The 5th Armored Division (5e Division Blindée, 5e DB) was an armored division of the French Army that fought in World War II and the Algerian War. It was also active in Germany during the Cold War.

==World War II==
The division was formed on 1 May 1943 under the command of Brig. Gen. Henri-Jacques-Jean-François de Vernejoul. It was initially the 2nd Armored Division, but renamed the 5th Armored Division on 9 July. The Division was a critical part of the French 1st Army under General Jean de Lattre de Tassigny, and came ashore with the U.S. 6th Army Group, under Lt. Gen. Jacob Devers, in the Operation Dragoon invasion of southern France in August 1944. The 5th Armored Division particularly distinguished itself in the assault and capture of Stuttgart, Germany in April 1945.

==Cold War==
During the Cold War, the division was initially stationed in West Germany; its HQ was in Landau, Palatinate.

==Algeria==
The division left Germany for Algeria on 1 April 1956, but left some units in Palatinate, Germany.
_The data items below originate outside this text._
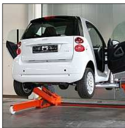
Free access, doors can be opened, no columns
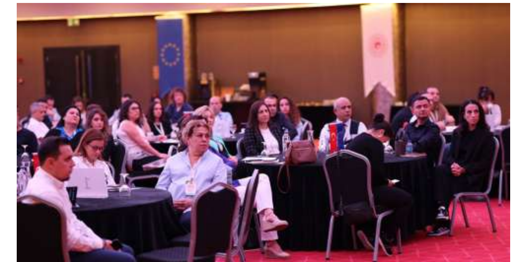
Zero Waste Management System Workshop, Antalya
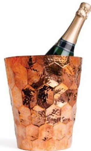
Hex Champagne Bucket, $235; Tom Dixon; solid copper

Adding flair to even the most fashionable of holiday affairs, the Hex Champagne Bucket ($235) is made from solid copper that is hammered into a hexagonal pattern and buffed to a high polish. Each individual champagne bucket develops a unique patina as the cooper oxidizes, making it a truly one-of-a-kind gift. Every party needs a little spice, especially those that take place in the kitchen. The Tower Salt and Pepper Grinders ($75 and $85) by Tom Dixon provide just that. SFMOMA's long-standing commitment to local designers and artisans continues with the Tina Frey Charcuterie Boards ($140) , available in white or gray. Designed and hand-sculpted by Tina Frey in San Francisco, these serving platters will be the belle of any ball.
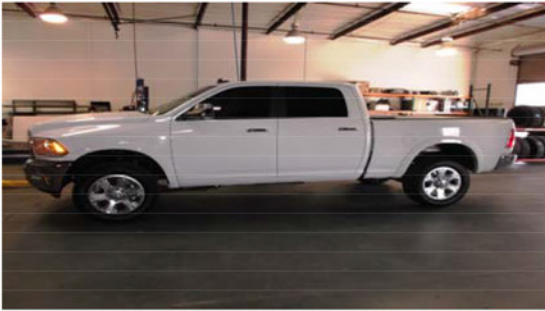
Rear Installation: Place the vehicle on level ground.
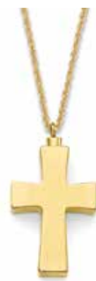
Small Cross IP Plated Price: $145
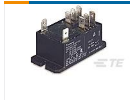
TE Part #4-1393211-6 T92P11A22-277
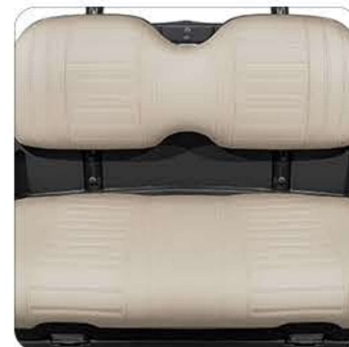
Champagne Seats (stitched or smooth)
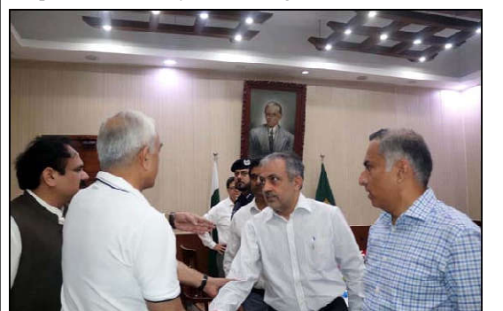
KARACHI: Caretaker Federal Minister for Communications, Railways and Maritime Affairs Shahid Ashraf Tarar visiting DS office in Karachi.

In addition to this, he noted the emergence of whitefly hotspots, mullay bugs, and pink bollworm, all of which require effective management strategies. To address these challenges, a technical session was convened to formulate recommendations for pest control and balanced nutrition. The recommendations include a focus on efficient water usage.
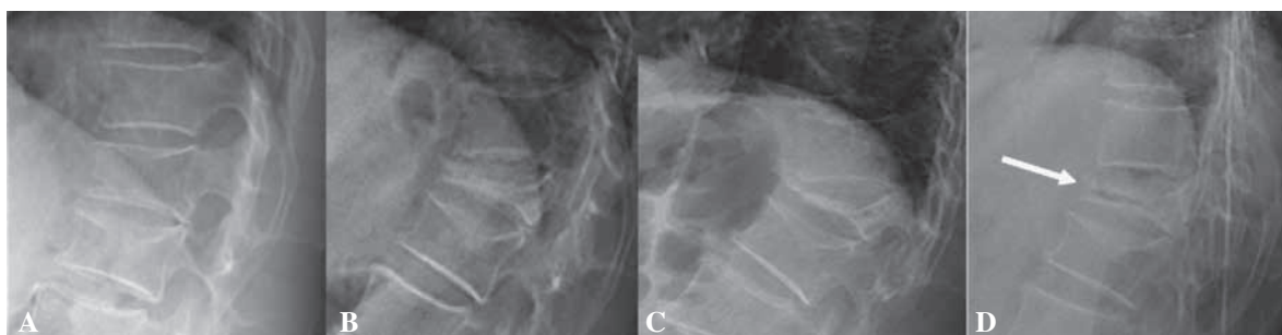
Fig. 3. — Follow-up series of a 75 yo female patient presenting with persistent back pain. A) Lateral X-ray at initial consultation (4 weeks after onset of symptoms) showing a mild sintering of the cranial endplates of L1 and L2. B) Lateral X-ray 4 weeks after initial consultation showing a collapsed L1 vertebra. C) Lateral X-ray 6 weeks after initial consultation with complete collapse and D) obvious Kummel's sign (white arrow) in the lateral fulcrum radiograph identifying a non-union of L1.

In the rare event of an unstable osteoporotic compression fracture or imminent neurological compromise, primary surgical stabilization methods should be considered in analogous manner to unstable fractures resulting from high-energy or adequate trauma.
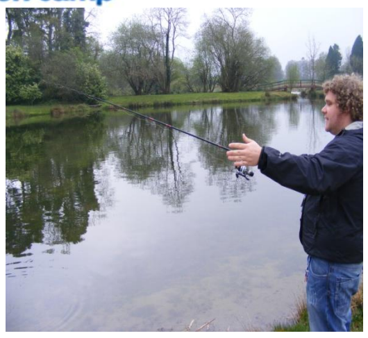
Cast over your shoulder
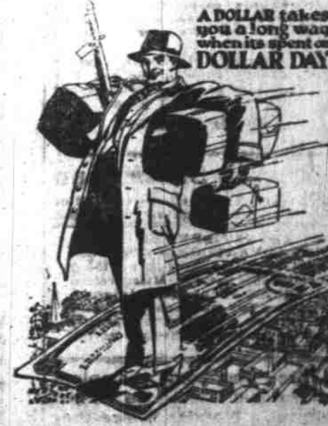
A DOLLAR takes you a long way when he's spent on DOLLAR DAY
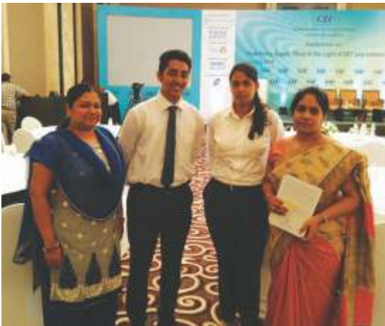
MMS (Opts) & PGDM students attended the CII conference at Mumbai
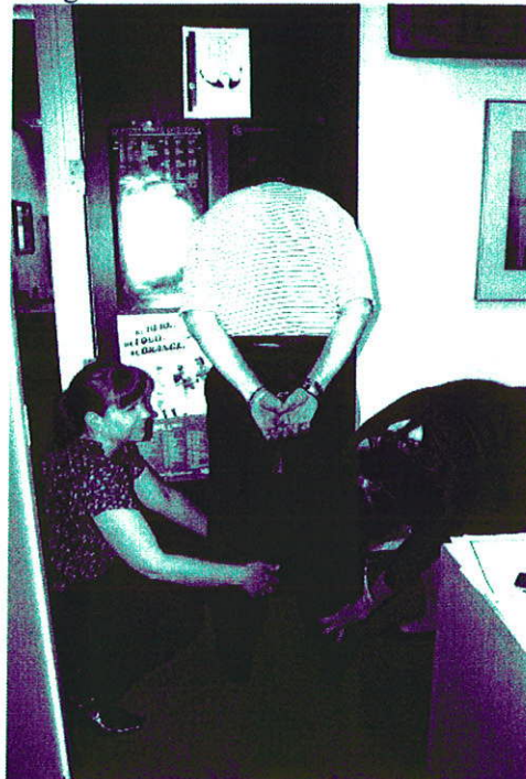
Fig. 6 - Performing a search on a client
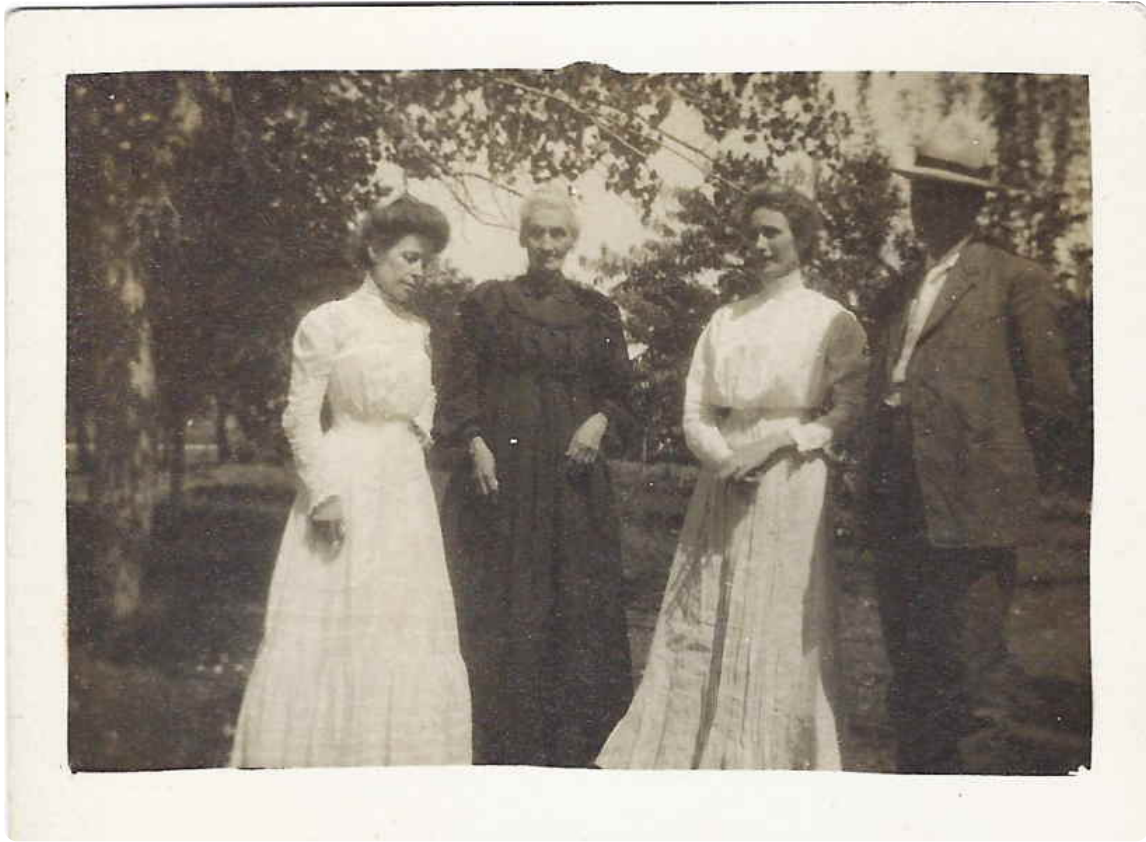
Abt. 1903 (?)
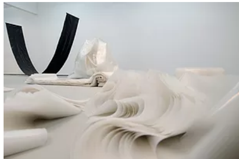
MIGUEL BRACELI 1:1. Solo Show. Caracas, Venezuela. 2018
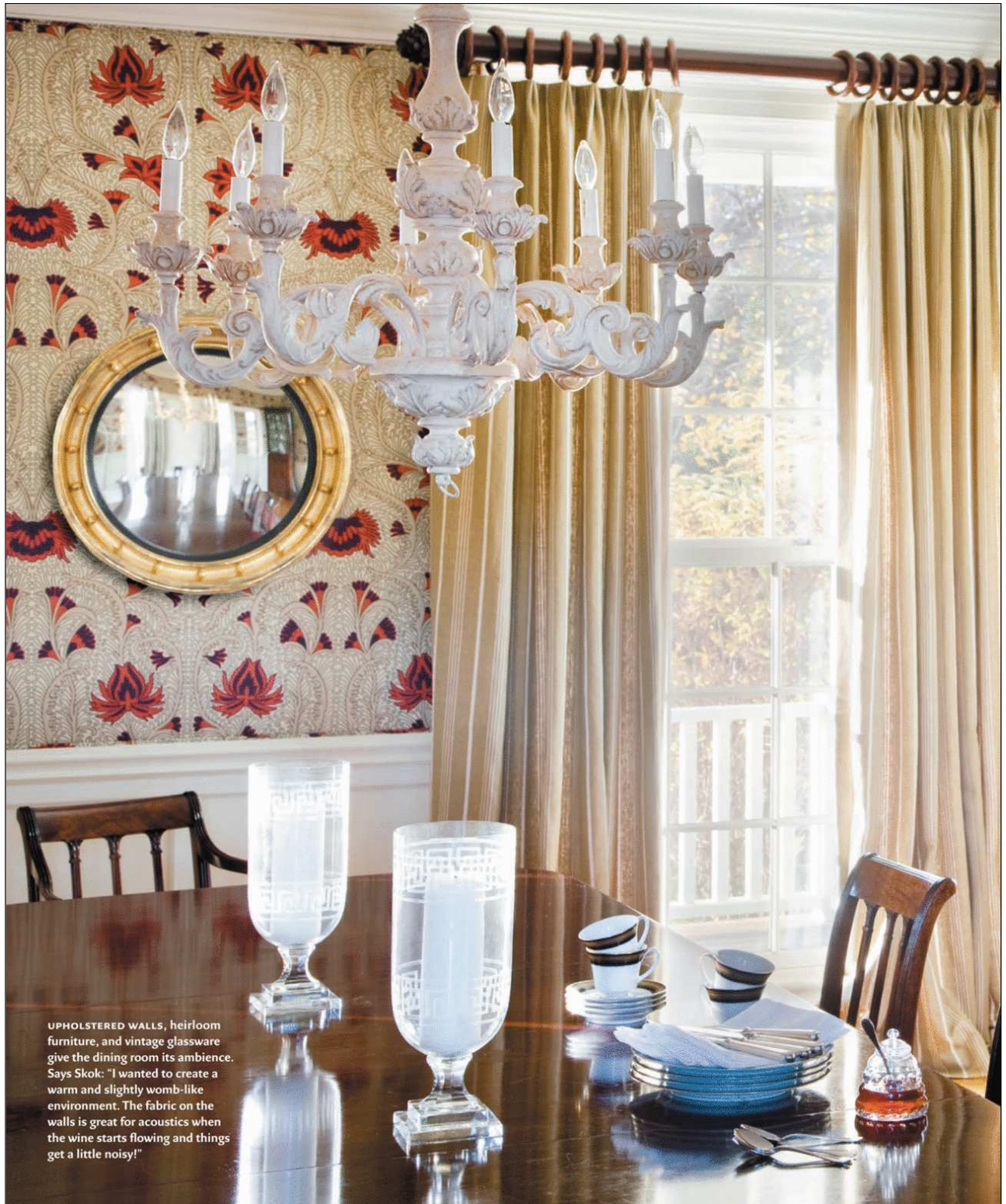
UPHOLSTERED WALLS, heirloom furniture, and vintage glassware give the dining room its ambience. Says Skok: "I wanted to create a warm and slightly womb-like environment. The fabric on the walls is great for acoustics when the wine starts flowing and things get a little noisy!"
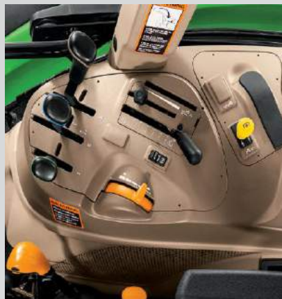
The conveniently located console makes operating the hitch intuitive. Raise and lower the hitch with the control lever and set the stop knob for preset depth.
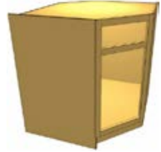
BCANGD1 Base Cabinet Angle Fixed Depth 1 Drawer

This cabinet is a 45 degree base corner. It works great as a sink base or a lazy susan. NOTE: Shelf must be installed BEFORE installing cabinet top.
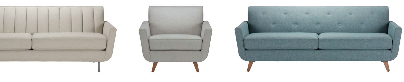
RORY, RILEY & REMSON: RAVISHING RETRO REFRESH
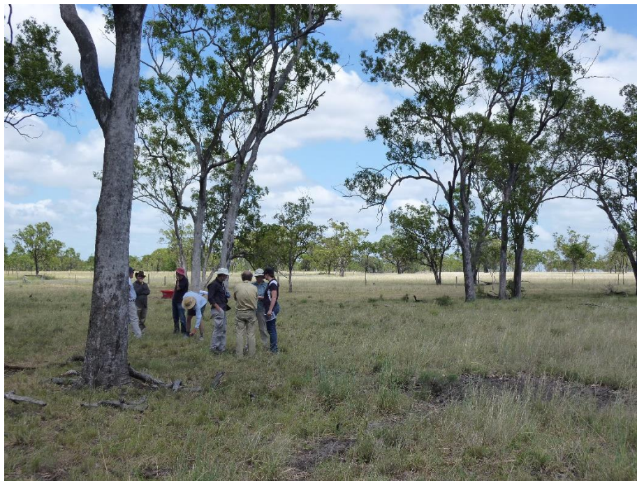
Australian Government officials assessing extensively cleared Poplar Box grassy woodland threatened ecological community near Toowoomba, Queensland, 2015.
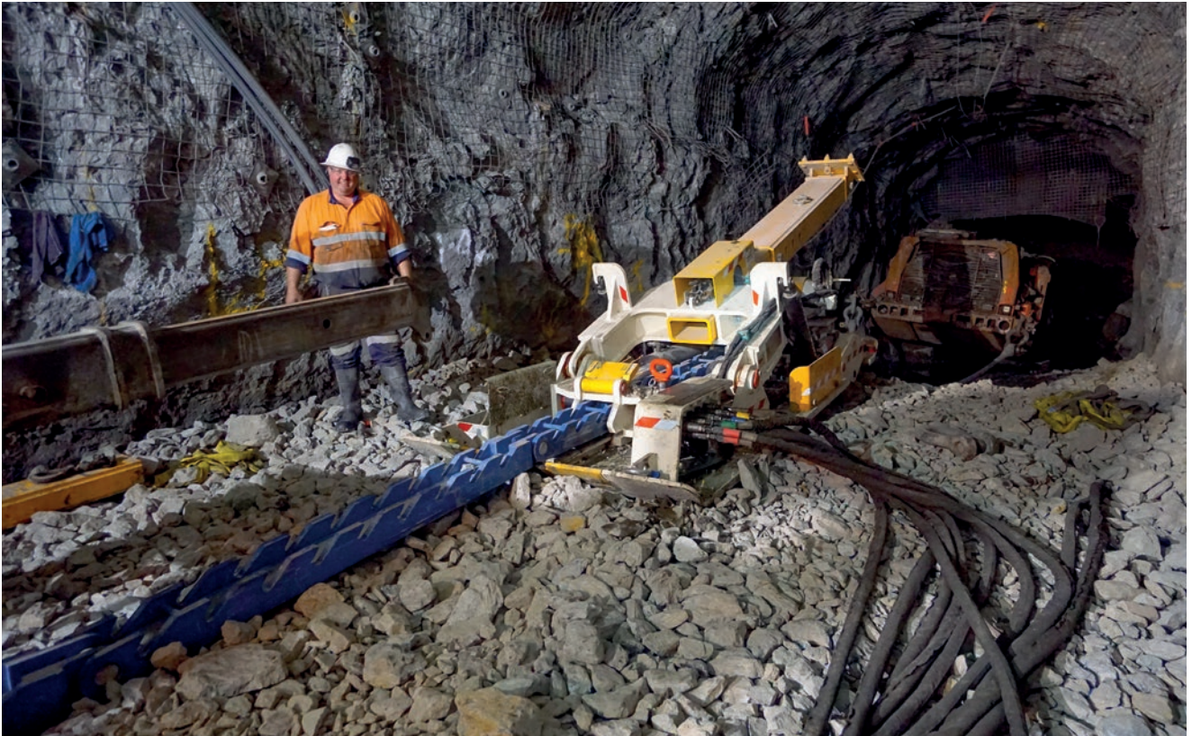
9. View of the final stages of the extraction.
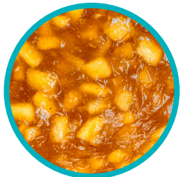
Just Right Apple
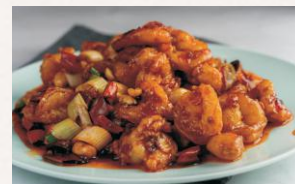
Kung-Pao Shrimp 宫保虾球 $20.99
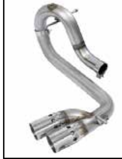
Side-Exit Exhaust System

P/N: 49-44065-B (Blk Tip) 49-44065-P (Pol Tip)
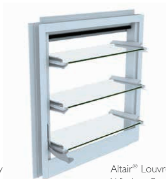
Altair® Louvres in an SL2® Window System.
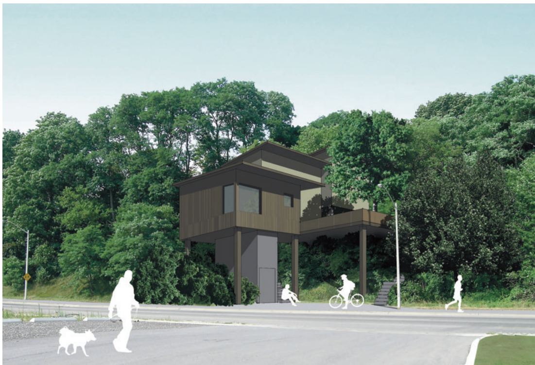
Artists' Rendering of the GRAND HOUSE Ten-Bedroom Student Residence . The building will be located along Ainslie Street North in downtown Cambridge.
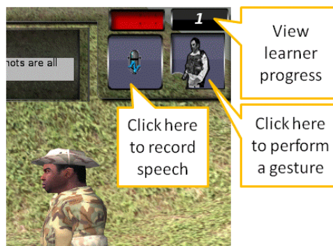
Figure 2. Push the microphone button to speak during a dialog, push again to stop.

The learner must initiate the conversation by speaking into a headset-mounted microphone. He or she clicks on the microphone icon, shown in Figure 3, speaks, then clicks on the icon again to indicate the end of the turn.
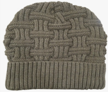
Mens Knitted Winter Cap
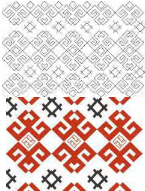
Fig. 5 Scheme of Combination of Single Eight-Hook Pattern and “万”-Shaped Pattern

The traditional Tujia brocade pattern is colorful ® . Red symbolizes auspiciousness. A combination of red and white is always used. Pay attention to the relationship between pattern distribution and overall white space and coordinate the color proportion. And the advantages of traditional Tujia brocade pattern color using contrasting colors shall be learned to unify the spirit and aesthetics to make the product and the user echo in emotion.
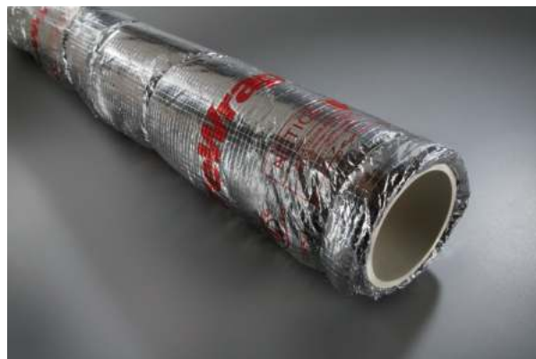
FyreWrap 0.5 Plenum Insulation
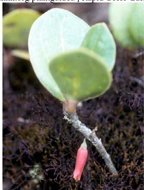
244 Oreanthes hypogaea
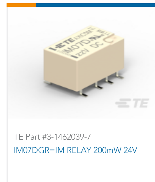
TE Part #3-1462039-7 IM07DGR=IM RELAY 200mW 24V
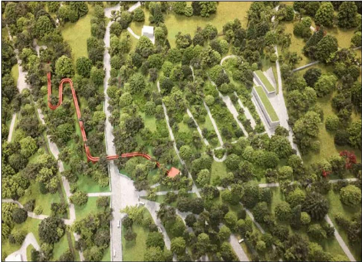
Aerial view of model of proposed Dublin Mountains Visitor Centre
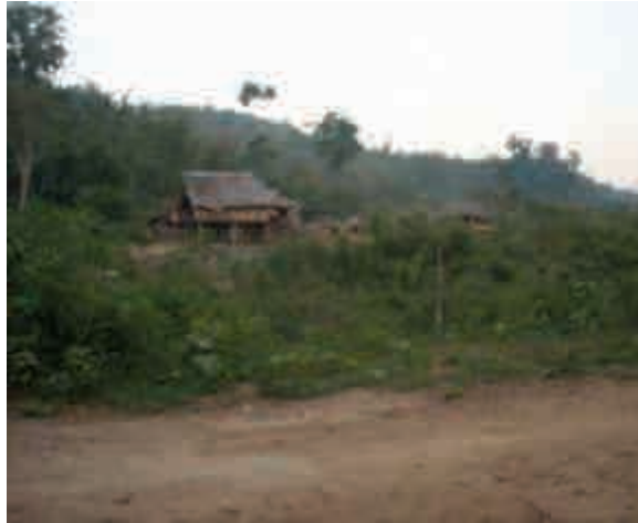
These pictures, taken on April 8th 2011, show Khaw Klaw village, which is located beside the Meh Gkleh Law River. The researcher who took these photos reported that villagers living in areas adjacent to the Meh Gkleh Law River were relocated to Khaw Klaw village on the Meh Gkleh Law riverbank after August 2010, when the DKBA commenced gold-mining activities in the river. Even though the DKBA mining operation in the Meh Gkleh Law River is no longer active, landmines laid in their original village mean that they have not been able to return, and continue living in Khaw Klaw. 85
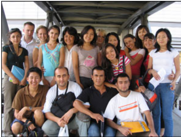
The 2008-9 CNOUS/OSI Fellows.

This year’s grantees are studying in Grenoble, Lille, Lyon, Nancy, Strasbourg, and Toulouse.
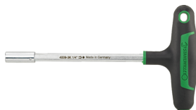
18093016 Bit holder
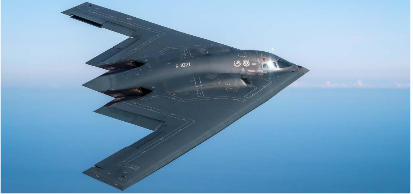
Figure 11: Image of B-2 Spirit in flight: “The B-2 Spirit is seen as the spiritual predecessor of the B-21 Raider”

Some have dubbed the B-21 the “B-2.1”, a reference to the B-21 just being a slightly improved B-2 (Aldeghi, 2025e) 3 . But, that is not even close to true. While not an aviation revolution that the B-2 was and the F-47 aims to become, the B-21 is still a substantial evolution of an entirely new plane, based upon the sound design ideas of the B-2, far from a mere “upgrade”.
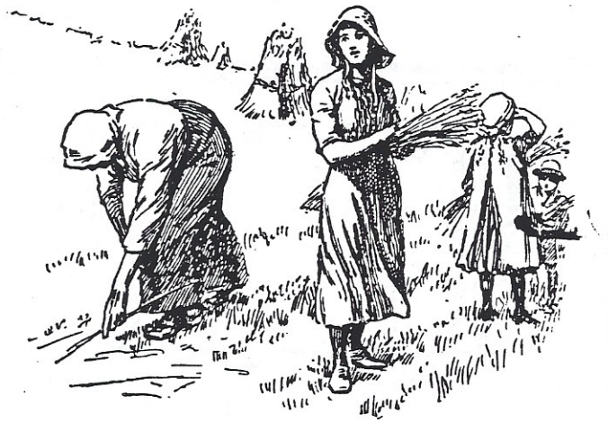
Go gleanng in rich September.

But none with the purple, gold, and red That dyes the flowers of September! The gorgeous flowers of September! And the sun looks through A clearer blue, And the moon at night Sheds a clearer light On the beautiful flowers of September!
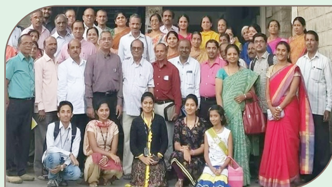
Internet awareness and digital transactions for women and senior citizens on 17 th & 18 th of March 2017
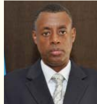
Gen. KABAREBE James MINADEF

In 1961 the division comprised:
- 1st Armored Regiment
- 6th African Chasseur Regiment
- 11th African Chasseur Regiment
- 19th Chasseur Battalion
- 20th Chasseur Battalion
- 21st Algerian Rifles Regiment
- 1st/64th Artillery Regiment
- 2nd/64th Artillery Regiment

==Return to Germany==
The division was recreated in 1978 at Landau, Germany as a part of the 2nd Army Corps (Baden-Baden). It included the 2nd Artillery Regiment (during the 1980s). The French Army in Germany was drastically reduced after the end of the Cold War; the 5th was dissolved on 30 June 1992.